Moeed Yusuf maintained that the dialogues with India were impossible without ending the one-year-long military siege and atrocities on innocent Kashmiris. Moeed Yusuf asked India to normalize the situation in occupied Kashmir for dialogues. He was of the view that Pakistan is committed to peace in the region but the Indian government’s Hindutva and anti-Muslim policies were major threat to peace.
Moeed Yusuf said, “Pakistan stands for peace and we want to move forward”. Responding to a question, he said, “Kashmiris hate India.” Moeed Yusuf maintained that Kashmiris are not ready to live under Indian occupation and India must reverse the military siege in Kashmir and roll back the new citizenship Act.
Yusuf maintained that India is behind terror attacks in Pakistan and Pakistan has enough evidence to suggest that in 2019 the Indian Embassy in Kabul had given $1 million to the Tehreek-e-Taliban Pakistan to help the TTP merge with four militant groups.

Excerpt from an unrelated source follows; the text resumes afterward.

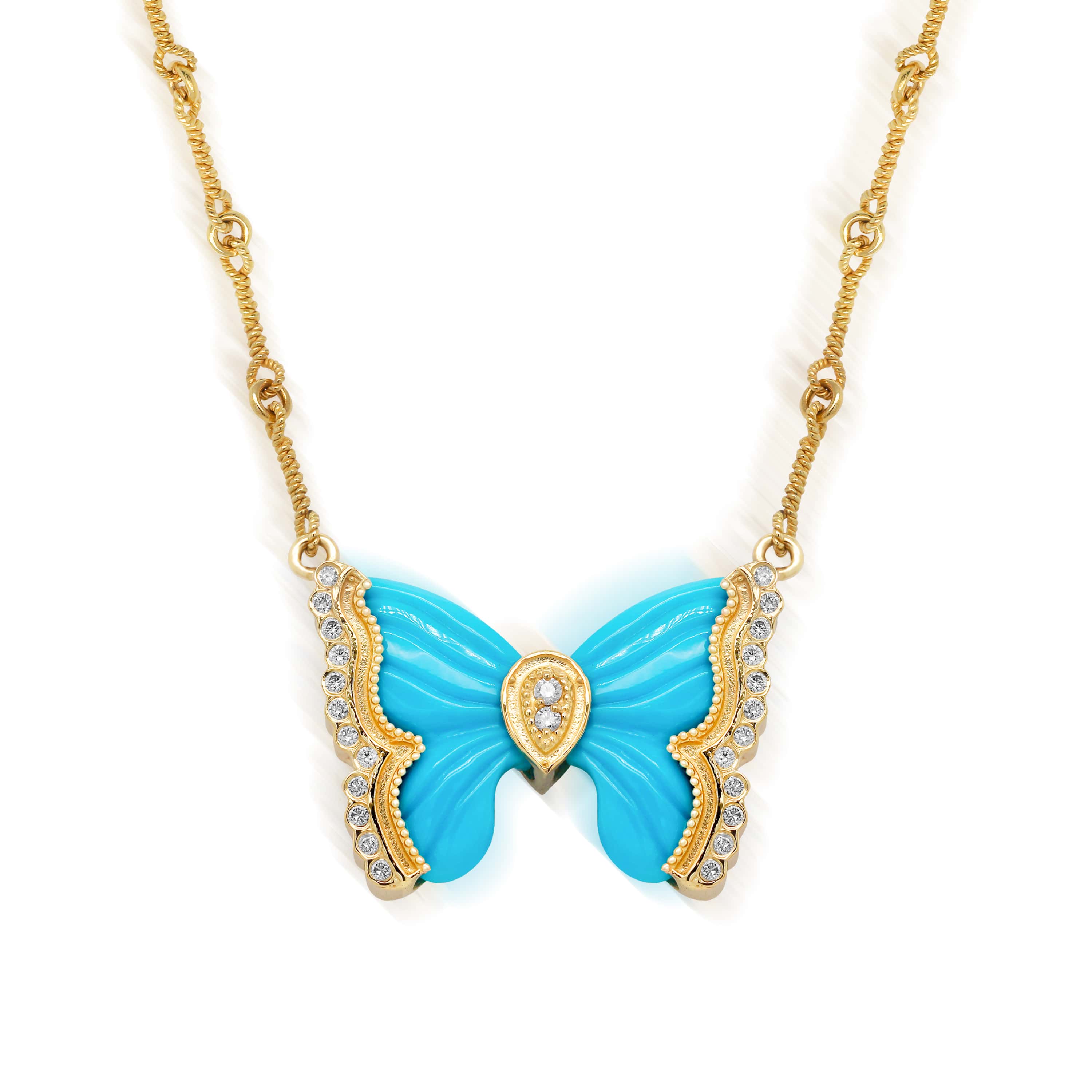 CANDY BUTTERFLY TURQUOISE DIAMONDS PENDANT NECKLACE

He added that the handler of the 2014 Peshawar Army Public School attack was in touch with “an Indian consulate”, adding that Pakistan has the phone number of the handler’s contact. Yusuf also told the Indian journalist that the Indian Embassy in Afghanistan is using think-tanks as a front to funnel money to terrorists operating in Balochistan. When asked why PM Imran had never raised his voice for the Uighur community in China that was being persecuted by the Chinese government, the SAPM said: “China and Pakistan are friends like no other. We have a completely transparent relationship; virtually everything under the sky, we discuss.

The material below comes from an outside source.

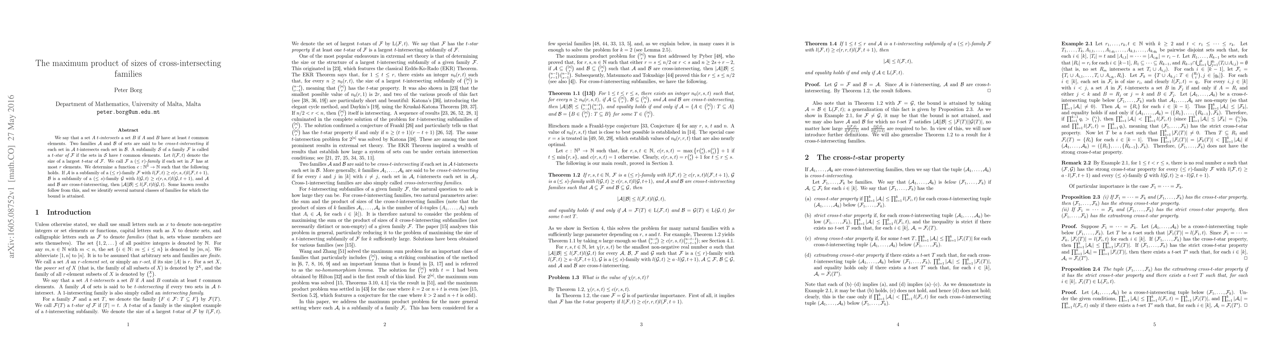 We say that a set $A$ $t$-intersects a set $B$ if $A$ and $B$ have at least $t$ common elements. Two families $\mathcal{A}$ and $\mathcal{B}$ of sets are said to be cross-$t$-intersecting if each set in $\mathcal{A}$ $t$-intersects each set in $\mathcal{B}$. A subfamily $\mathcal{S}$ of a family $\mathcal{F}$ is called a $t$-star of $\mathcal{F}$ if the sets in $\mathcal{S}$ have $t$ common elements. Let $l(\mathcal{F},t)$ denote the size of a largest $t$-star of $\mathcal{F}$. We call $\mathcal{F}$ a $(\leq r)$-family if each set in $\mathcal{F}$ has at most $r$ elements. We determine a function $c : \mathbb{N}^3 \rightarrow \mathbb{N}$ such that the following holds. If $\mathcal{A}$ is a subfamily of a $(\leq r)$-family $\mathcal{F}$ with $l(\mathcal{F},t) \geq c(r,s,t)l(\mathcal{F},t+1)$, $\mathcal{B}$ is a subfamily of a $(\leq s)$-family $\mathcal{G}$ with $l(\mathcal{G},t) \geq c(r,s,t)l(\mathcal{G},t+1)$, and $\mathcal{A}$ and $\mathcal{B}$ are cross-$t$-intersecting, then $|\mathcal{A}||\mathcal{B}| \leq l(\mathcal{F},t)l(\mathcal{G},t)$. Some known results follow from this, and we identify several natural classes of families for which the bound is attained.

“Uighurs is a non-issue Our delegations have visited, we’ve seen and we are a 100 per cent satisfied that it’s a non-issue. The West can say what it wants. I am telling you as a responsible official: we know everything we need to know about the Uighurs and everything else in China as they do about us.”
Thapar quoted an interview PM Imran gave to the Financial Times last year, where the premier had said: “Frankly, I don’t know much about” the Uighur issue. Yusuf, however, continued to insist that the matter was a non-issue and said that he had briefed the prime minister about it. Yusuf also discussed the case of Indian spy Kulbhushan Jadhav, who was convicted by a military court in 2017.
He told Thapar that the Pakistani government had granted India consular access to Jadhav as per the International Court of Justice’s verdict but that the Indian government was “dragging its feet” over the matter of appointing a legal representative. He further said that Pakistan had complied with the ICJ verdict and lamented that court proceedings could not be started because India has yet to appoint a lawyer to get relevant documents. He told Thapar that the Pakistani government was waiting for India to accept Pakistan’s offer for a third consular access.
While responding to a question regarding New Delhi’s allegations that Pakistan sponsors terrorism in India, Yusuf said that the Indian side had pushed a “one-sided narrative for at least two decades” since 9/11 attacks. The premier’s aide said that in 2019, more than a billion US dollars from the Indian embassy funds had been used for the merger of Tehreek-i-Taliban Pakistan with other terrorist outfits. “Congratulations to the RAW. They have succeeded in creating an organisation to kill Pakistanis,” he said.
The terrorist was also treated at a New Delhi hospital in 2017, Yusuf added. The premier’s assistant said that the government had records of phone calls, phone numbers of people who orchestrated the APS attack from a third country. Yusuf said that Islamabad has “evidence to a T” that India was sponsoring terrorism in Pakistan, adding that the Indian government was “using Afghanistan’s” territory in its schemes.